I have a huge collection of strings. I will find out all the strings which starts with the given character more frequently. What would be a best collection to do this. I will initialize the collection in sorted order.

Thanks

Kumaran
  • 65
  • 9

3 Answers3

1

If you want a map from a character to all strings starting with that character, you might find ILookup<TKey, TElement> suitable. It's very similar to a Dictionary<TKey, TValue>, with two main differences:

  1. Instead of a 1:1 mapping, it performs a 1:n mapping (i.e. there can be more than one value per key).

  2. You cannot instantiate (new) nor populate it (.Add(…)) yourself; instead, you let .NET derive a fully populated instance from another collection by calling .ToLookup(…) on the latter.

Here's an example how to build such a 1:n map:

using System.Collections.Generic;  // for List<T>
using System.Linq;                 // for ILookup<TKey, TValue> and .ToLookup(…)

// This represents the source of your strings.
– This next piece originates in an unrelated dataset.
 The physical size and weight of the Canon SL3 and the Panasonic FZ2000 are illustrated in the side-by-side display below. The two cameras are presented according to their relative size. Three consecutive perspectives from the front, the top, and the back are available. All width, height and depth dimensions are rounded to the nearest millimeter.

It doesn't have to be sorted:
var strings = new List<string>() { "Foo", "Bar", "Baz", "Quux", … };

// This is how you would build a 1:n lookup table mapping from first characters
// to all strings starting with that character. Empty strings are excluded:
ILookup<char, string> stringsByFirstCharacter =
    strings.Where(str => !string.IsNullOrEmpty(str))  // exclude empty strings
           .ToLookup(str => str[0]);                  // key := first character

// This is how you would look up all strings starting with B.
// The output will be Bar and Baz:
foreach (string str in stringsByFirstCharacter['B'])
{
    Console.WriteLine(str);
}

P.S.: The above hyperlink for ILookup<…> (the interface) refers you to the help page for Lookup<…> (the implementation class). This is on purpose, as I find the documentation for the class easier to read. I would however recommend to use the interface in your code.
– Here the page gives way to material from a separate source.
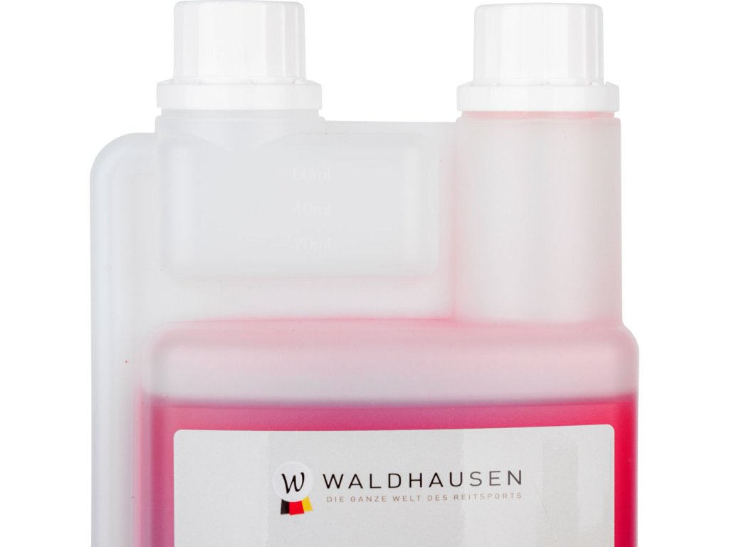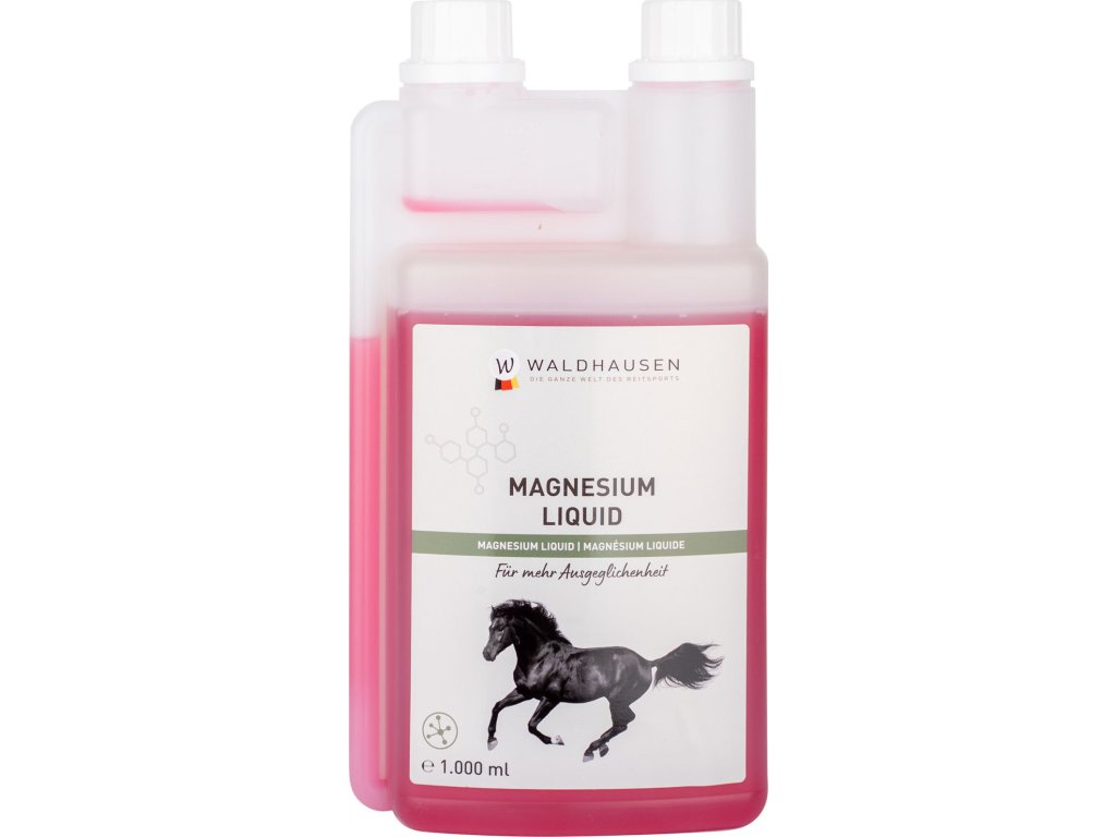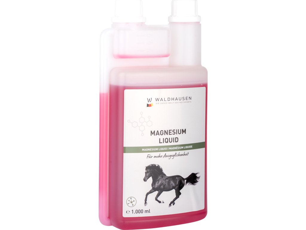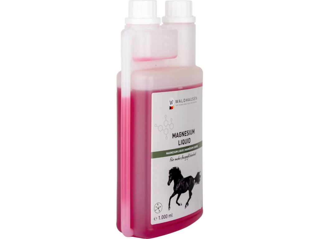 Płynny magnez – dla mocnych nerwów. Suplement diety dla koni – płynny magnez Waldhausen może tłumić reakcje na stres, zwiększać wydajność i pomagać koniowi w odzyskaniu i wzmocnieniu wewnętrznego spokoju. Połączenie z witaminą B12 wspomaga metabolizm mięśni. Dawkowanie: (wstrząsnąć przed użyciem!) Duże konie (masa ciała 600 kg) 25–50 ml dziennie, małe konie 10–30 ml dziennie. Zalecany okres karmienia: od 2 do 4 tygodni. Zalecamy skonsultowanie się ze specjalistą przed wprowadzeniem paszy uzupełniającej.

stakx - no longer contributing
  • 83,039
  • 20
  • 168
  • 268
  • This does not work for my situation. Those words are not english words. Single letter will be combination of multiple alphabets. so i will be in situation to return all words if combined with others.. – Kumaran Feb 17 '14 at 05:41
  • @Kumaran: Well, you don't *have to* map from `char` to `string`s. You could also map from `string` to `string`s, allowing you to choose arbitrarily long prefixes instead of only single characters (Unicode code points). You'd have to change the type to `ILookup`, and you'd need to replace the `.ToLookup(…)` lambda that extracts the first character with one that extracts a string prefix. – stakx - no longer contributing Feb 17 '14 at 10:24
0

If you need to search regularly with a huge collection of strings, then use a Hash table. Remember to distribute the table evenly to speed up the look-up operation.

Toan Nguyen
  • 11,263
  • 5
  • 43
  • 59
0

Well so you need to create an index on function from string.

For this Id suggest using

Dictionary<string,List<string>> data structure.

ToLookup isn't so good cause it limits your ability to maniuplate the data structure.

Valentin Kuzub
  • 11,703
  • 7
  • 56
  • 93